*WHAT NEEDS TO BE DONE*
The answer should be the records below, word for word, with every image left out.

*EXTRACTED RECORDS*

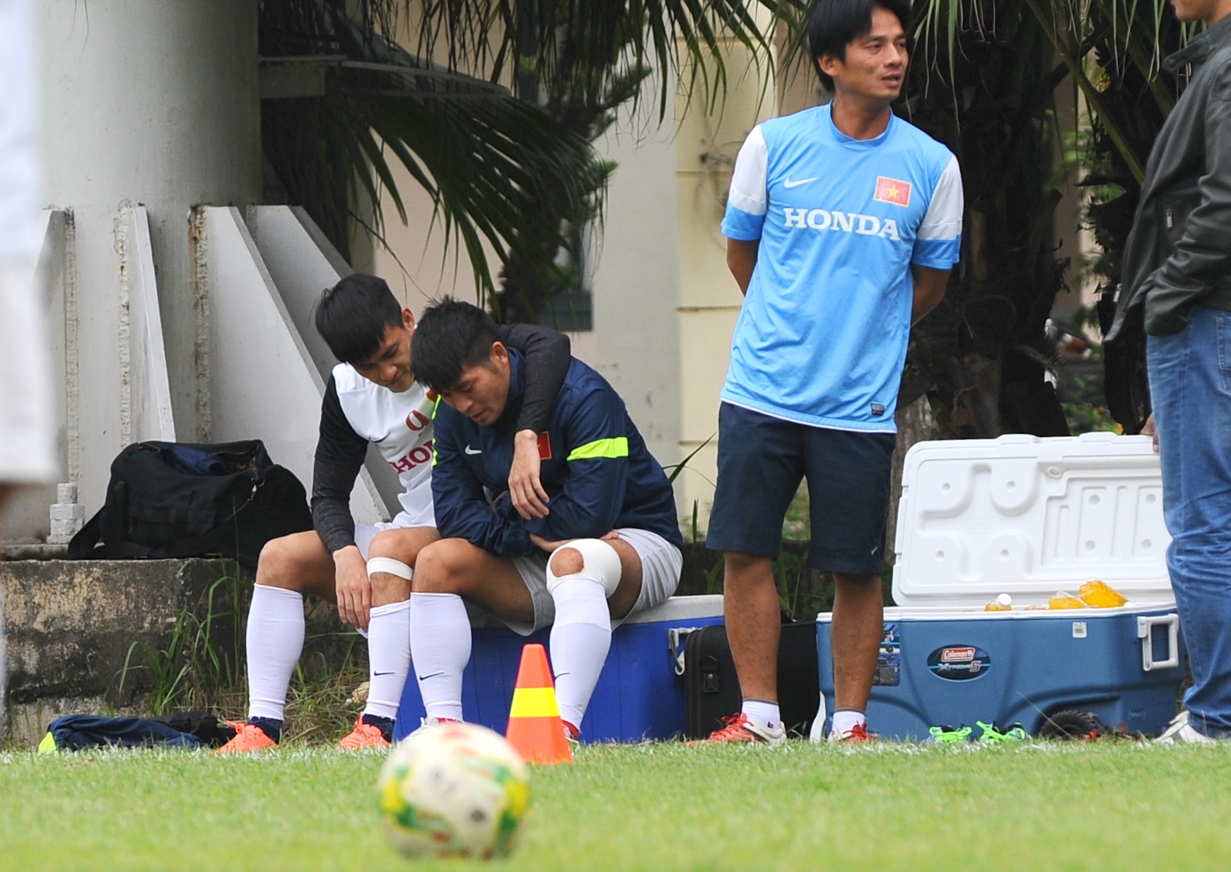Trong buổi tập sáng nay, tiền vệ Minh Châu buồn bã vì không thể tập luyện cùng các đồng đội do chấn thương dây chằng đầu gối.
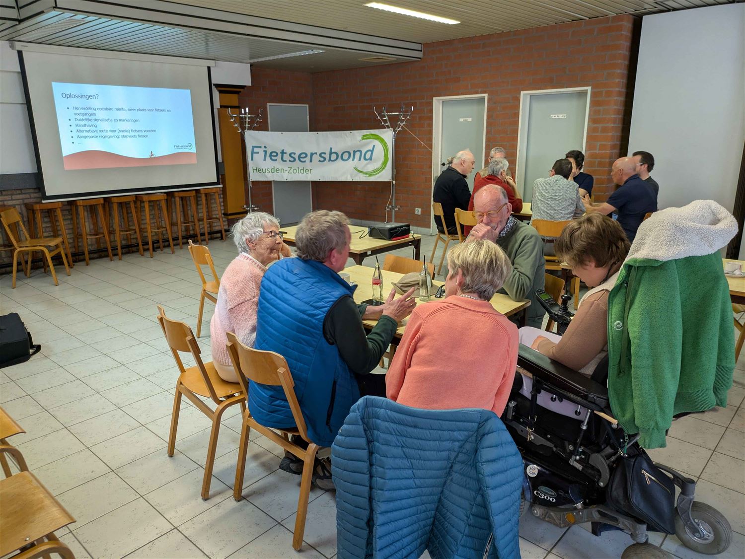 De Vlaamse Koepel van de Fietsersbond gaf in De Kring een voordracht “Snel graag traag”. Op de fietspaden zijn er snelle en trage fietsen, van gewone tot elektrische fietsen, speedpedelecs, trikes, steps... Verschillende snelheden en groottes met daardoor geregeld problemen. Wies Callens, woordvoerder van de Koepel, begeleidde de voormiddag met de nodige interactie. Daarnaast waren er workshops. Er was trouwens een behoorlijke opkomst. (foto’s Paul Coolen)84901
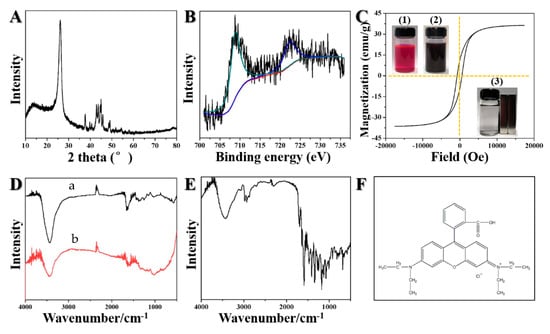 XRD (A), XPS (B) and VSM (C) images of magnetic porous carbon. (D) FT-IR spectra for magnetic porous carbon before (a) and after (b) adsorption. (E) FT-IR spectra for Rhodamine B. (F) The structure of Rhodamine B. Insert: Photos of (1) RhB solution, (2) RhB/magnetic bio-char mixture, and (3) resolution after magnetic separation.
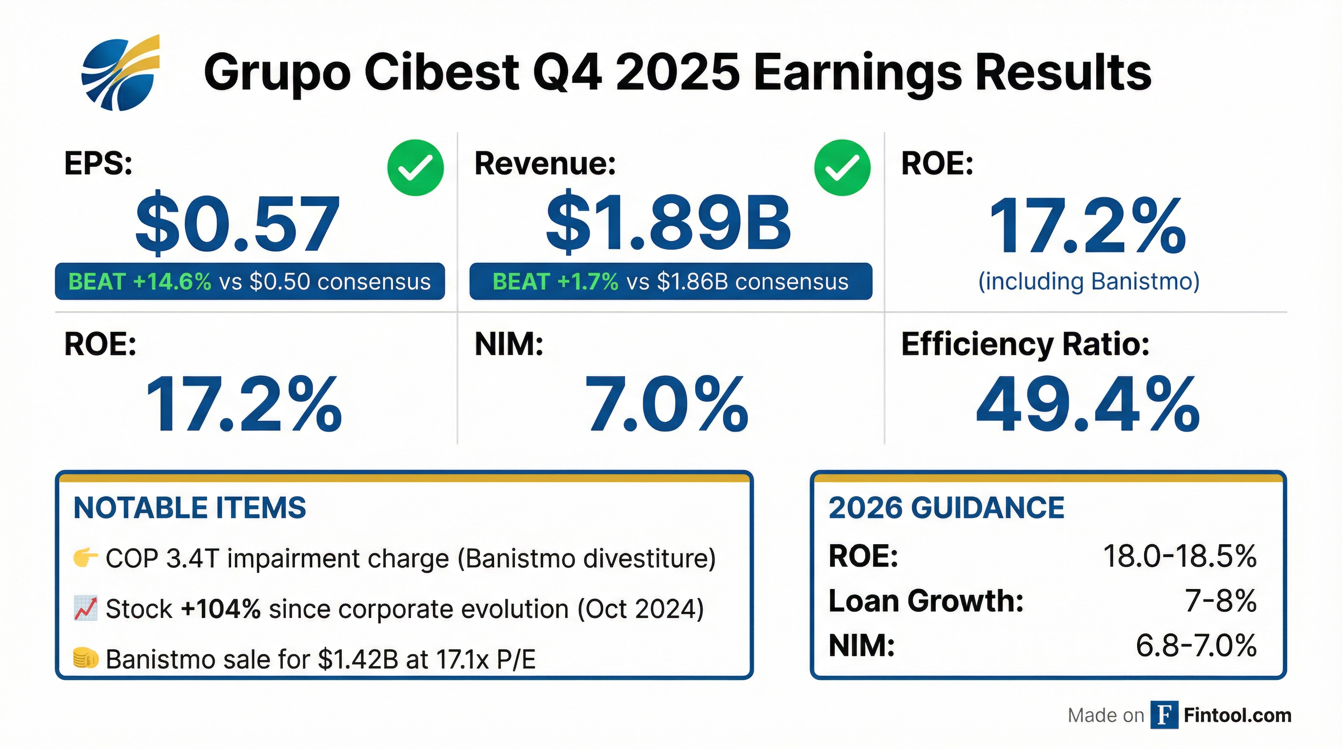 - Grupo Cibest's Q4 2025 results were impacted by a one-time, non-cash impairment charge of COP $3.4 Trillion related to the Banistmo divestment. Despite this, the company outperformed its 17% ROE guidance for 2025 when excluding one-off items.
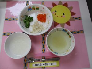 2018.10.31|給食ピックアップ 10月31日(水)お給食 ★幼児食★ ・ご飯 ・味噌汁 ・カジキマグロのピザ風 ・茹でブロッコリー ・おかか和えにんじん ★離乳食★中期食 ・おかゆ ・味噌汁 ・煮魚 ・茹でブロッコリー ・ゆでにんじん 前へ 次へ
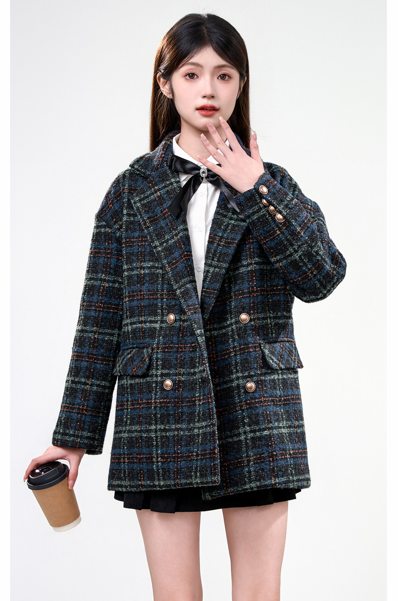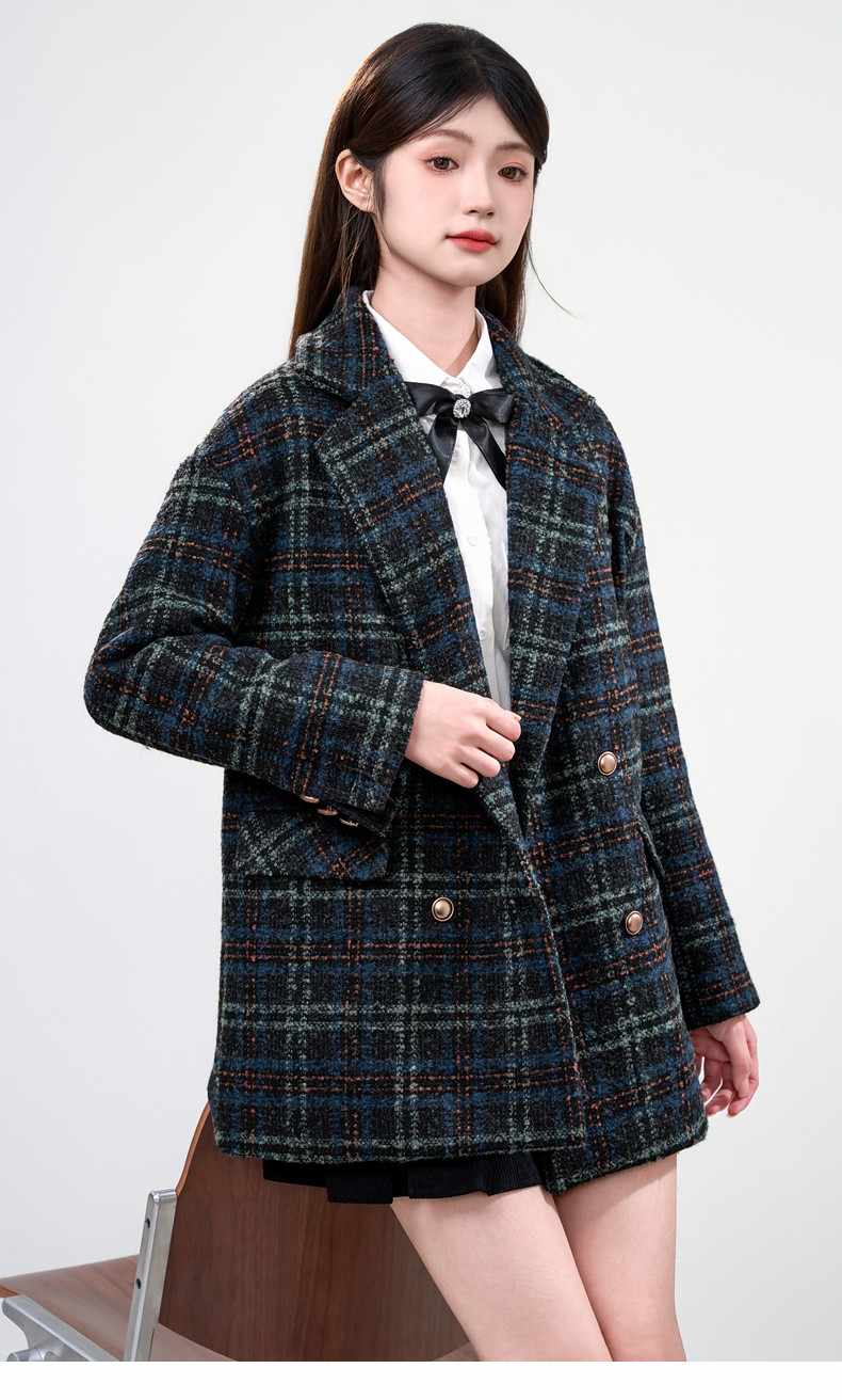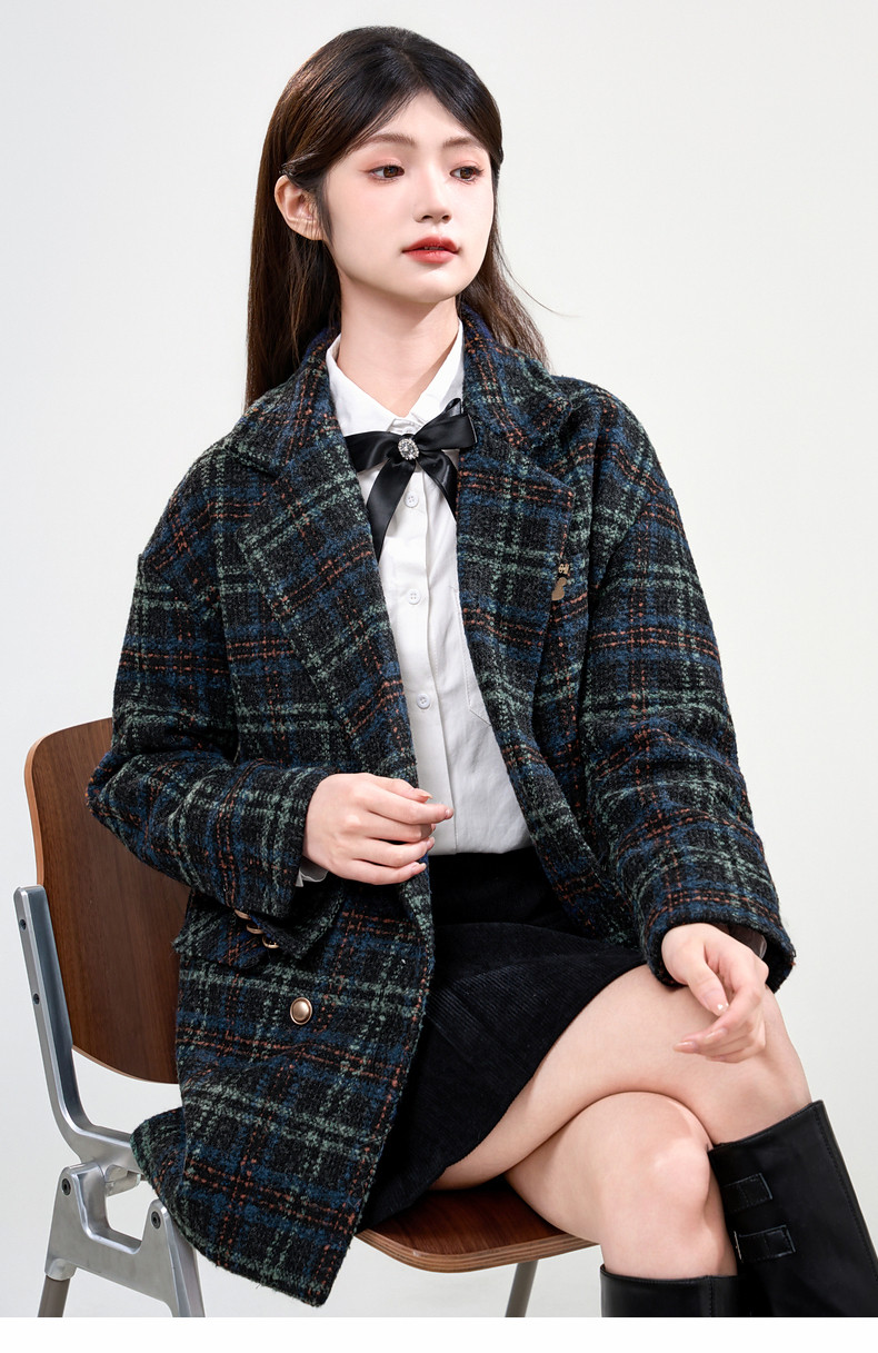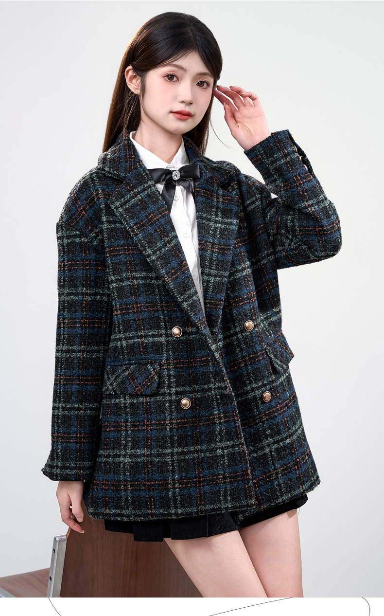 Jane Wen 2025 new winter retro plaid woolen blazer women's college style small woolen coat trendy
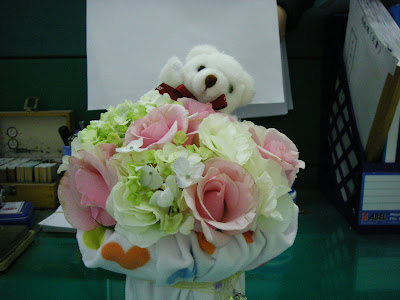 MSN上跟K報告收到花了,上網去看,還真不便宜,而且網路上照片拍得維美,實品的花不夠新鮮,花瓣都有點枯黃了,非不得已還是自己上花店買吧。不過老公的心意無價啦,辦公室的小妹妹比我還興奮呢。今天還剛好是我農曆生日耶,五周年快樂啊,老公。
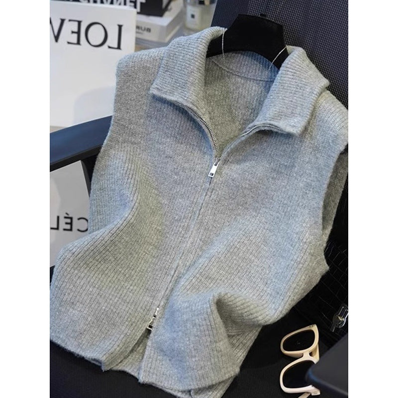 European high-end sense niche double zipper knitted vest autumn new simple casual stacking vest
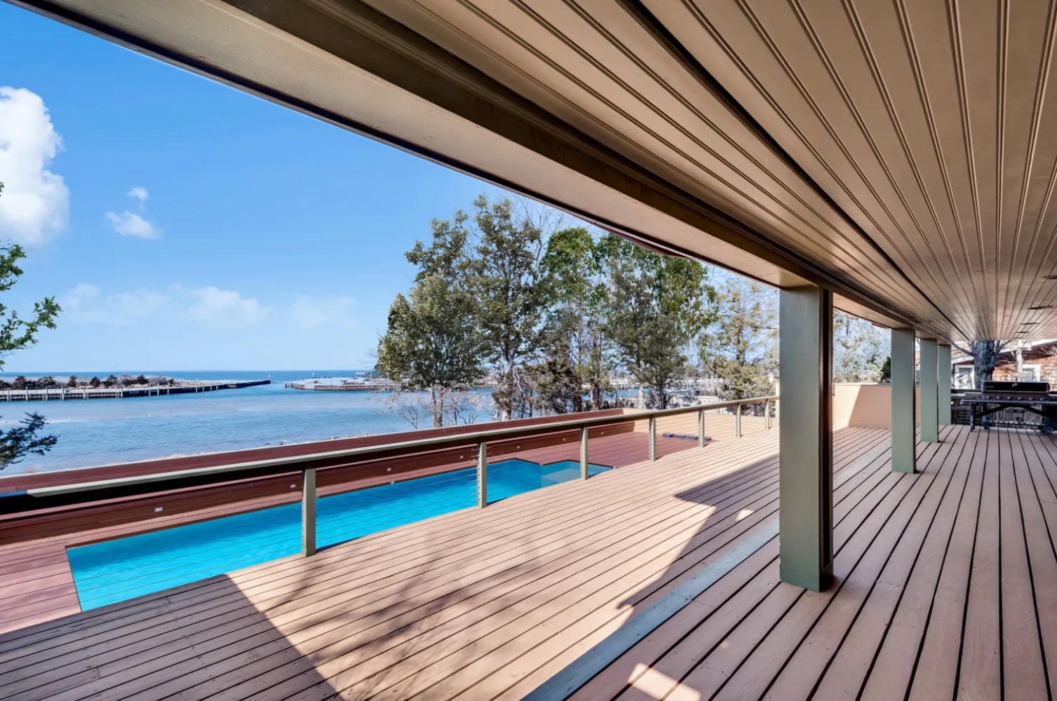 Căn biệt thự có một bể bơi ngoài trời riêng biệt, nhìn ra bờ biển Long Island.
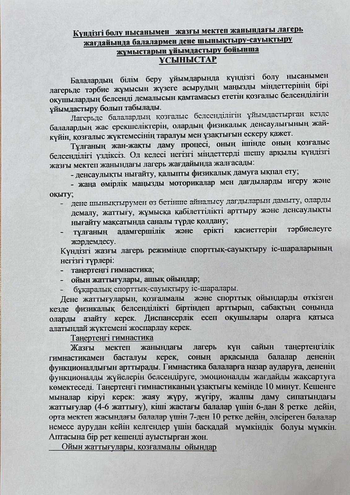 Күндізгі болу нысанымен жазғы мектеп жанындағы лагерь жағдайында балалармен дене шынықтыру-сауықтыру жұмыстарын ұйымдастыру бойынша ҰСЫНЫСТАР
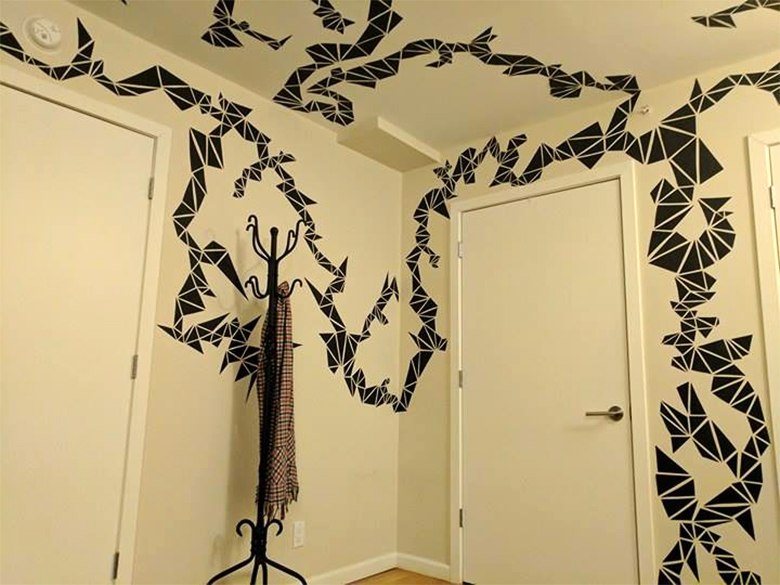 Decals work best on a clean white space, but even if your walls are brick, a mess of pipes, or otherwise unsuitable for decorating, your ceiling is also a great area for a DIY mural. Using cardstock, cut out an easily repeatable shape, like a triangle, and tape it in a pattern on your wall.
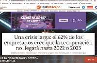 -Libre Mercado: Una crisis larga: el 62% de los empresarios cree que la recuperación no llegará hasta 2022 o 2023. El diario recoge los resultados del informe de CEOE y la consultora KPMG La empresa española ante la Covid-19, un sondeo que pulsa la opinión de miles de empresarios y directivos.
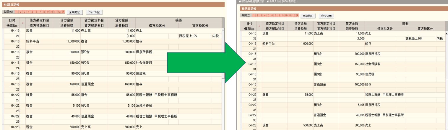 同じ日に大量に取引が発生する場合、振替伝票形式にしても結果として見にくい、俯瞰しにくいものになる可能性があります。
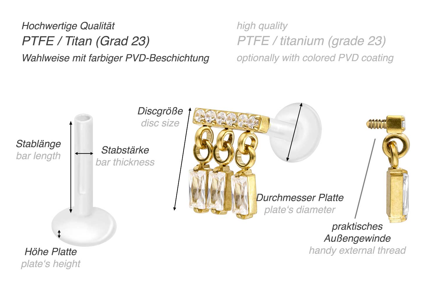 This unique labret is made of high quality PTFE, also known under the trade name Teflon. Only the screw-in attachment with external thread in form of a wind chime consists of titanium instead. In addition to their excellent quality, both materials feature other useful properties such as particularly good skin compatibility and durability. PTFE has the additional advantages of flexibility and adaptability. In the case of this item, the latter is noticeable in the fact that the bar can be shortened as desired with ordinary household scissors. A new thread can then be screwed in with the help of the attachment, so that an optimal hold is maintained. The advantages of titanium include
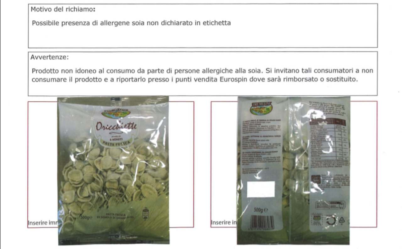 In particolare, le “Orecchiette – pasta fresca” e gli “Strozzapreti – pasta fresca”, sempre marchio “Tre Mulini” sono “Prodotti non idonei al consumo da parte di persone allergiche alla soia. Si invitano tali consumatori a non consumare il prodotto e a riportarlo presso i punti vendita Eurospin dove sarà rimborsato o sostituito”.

*SOLUTION*
Trong buổi tập sáng nay, tiền vệ Minh Châu buồn bã vì không thể tập luyện cùng các đồng đội do chấn thương dây chằng đầu gối.
 De Vlaamse Koepel van de Fietsersbond gaf in De Kring een voordracht “Snel graag traag”. Op de fietspaden zijn er snelle en trage fietsen, van gewone tot elektrische fietsen, speedpedelecs, trikes, steps... Verschillende snelheden en groottes met daardoor geregeld problemen. Wies Callens, woordvoerder van de Koepel, begeleidde de voormiddag met de nodige interactie. Daarnaast waren er workshops. Er was trouwens een behoorlijke opkomst. (foto’s Paul Coolen)84901
 XRD (A), XPS (B) and VSM (C) images of magnetic porous carbon. (D) FT-IR spectra for magnetic porous carbon before (a) and after (b) adsorption. (E) FT-IR spectra for Rhodamine B. (F) The structure of Rhodamine B. Insert: Photos of (1) RhB solution, (2) RhB/magnetic bio-char mixture, and (3) resolution after magnetic separation.
 - Grupo Cibest's Q4 2025 results were impacted by a one-time, non-cash impairment charge of COP $3.4 Trillion related to the Banistmo divestment. Despite this, the company outperformed its 17% ROE guidance for 2025 when excluding one-off items.
 2018.10.31|給食ピックアップ 10月31日(水)お給食 ★幼児食★ ・ご飯 ・味噌汁 ・カジキマグロのピザ風 ・茹でブロッコリー ・おかか和えにんじん ★離乳食★中期食 ・おかゆ ・味噌汁 ・煮魚 ・茹でブロッコリー ・ゆでにんじん 前へ 次へ
 Jane Wen 2025 new winter retro plaid woolen blazer women's college style small woolen coat trendy
 MSN上跟K報告收到花了,上網去看,還真不便宜,而且網路上照片拍得維美,實品的花不夠新鮮,花瓣都有點枯黃了,非不得已還是自己上花店買吧。不過老公的心意無價啦,辦公室的小妹妹比我還興奮呢。今天還剛好是我農曆生日耶,五周年快樂啊,老公。
 European high-end sense niche double zipper knitted vest autumn new simple casual stacking vest
 Căn biệt thự có một bể bơi ngoài trời riêng biệt, nhìn ra bờ biển Long Island.
 Күндізгі болу нысанымен жазғы мектеп жанындағы лагерь жағдайында балалармен дене шынықтыру-сауықтыру жұмыстарын ұйымдастыру бойынша ҰСЫНЫСТАР
 Decals work best on a clean white space, but even if your walls are brick, a mess of pipes, or otherwise unsuitable for decorating, your ceiling is also a great area for a DIY mural. Using cardstock, cut out an easily repeatable shape, like a triangle, and tape it in a pattern on your wall.
 -Libre Mercado: Una crisis larga: el 62% de los empresarios cree que la recuperación no llegará hasta 2022 o 2023. El diario recoge los resultados del informe de CEOE y la consultora KPMG La empresa española ante la Covid-19, un sondeo que pulsa la opinión de miles de empresarios y directivos.
 同じ日に大量に取引が発生する場合、振替伝票形式にしても結果として見にくい、俯瞰しにくいものになる可能性があります。
 This unique labret is made of high quality PTFE, also known under the trade name Teflon. Only the screw-in attachment with external thread in form of a wind chime consists of titanium instead. In addition to their excellent quality, both materials feature other useful properties such as particularly good skin compatibility and durability. PTFE has the additional advantages of flexibility and adaptability. In the case of this item, the latter is noticeable in the fact that the bar can be shortened as desired with ordinary household scissors. A new thread can then be screwed in with the help of the attachment, so that an optimal hold is maintained. The advantages of titanium include
 In particolare, le “Orecchiette – pasta fresca” e gli “Strozzapreti – pasta fresca”, sempre marchio “Tre Mulini” sono “Prodotti non idonei al consumo da parte di persone allergiche alla soia. Si invitano tali consumatori a non consumare il prodotto e a riportarlo presso i punti vendita Eurospin dove sarà rimborsato o sostituito”.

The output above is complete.